Kapitalist patronlar, Solcu isimleri ücretlendirerek onların geçmişte örgütsel propagandada kullandıkları dillerini satın alır, buna karşı onları paraya boğarak politikayı yönlendirmek için bir tür “paralı asker” gibi kullanır. Bu ilişki, Türkiye’de bütün tarafları ilgilendiren bir “medya kirlenmesi”ne yol açtı.

Medya, aslında İslam dünyasında var olduğu günden itibaren kirliydi; söz konusu ideolojik yaklaşımlarla çıkar ilişkileri arasındaki kaynaşmanın vardığı boyut, kirlenmeyi iyice açığa vurdu. Medya, halk nezdinde itibar kaybetti; propaganda gücünü yitirdi ve toplum tarafından “dolandırıcı” sınıfı içine alınıp dışlandı.
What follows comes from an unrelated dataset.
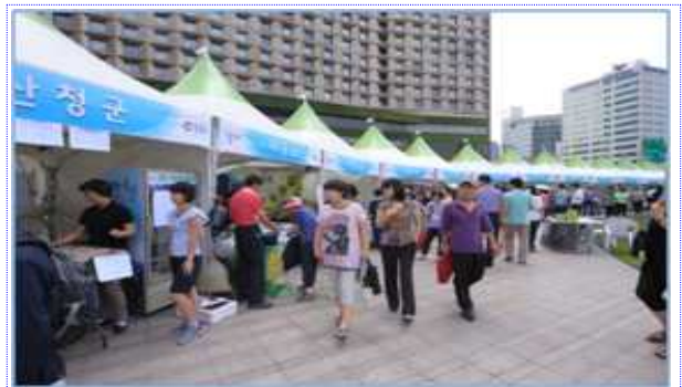
서울광장 판매부스 전경
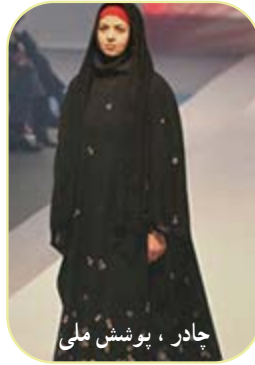
چادر، پوشش ملی

Medyanın içine düştüğü bu durum, İslam dünyasında dindar tabanlı siyasi oluşumlara nefes aldırdı ve onların hızla iktidara doğru tırmanmalarında önemli bir işlev gördü.

Lâkin sosyal medyanın İslam dünyasında iletişime ve kendisini ifadeye susamış çevreleri kuşatarak yayılmasıyla, sosyal medya geçmişin medyasının yerini aldı ve dindar tabanlı siyasi oluşumları yeniden sıkboğaz etmeye, nefeslerini kesmeye başladı.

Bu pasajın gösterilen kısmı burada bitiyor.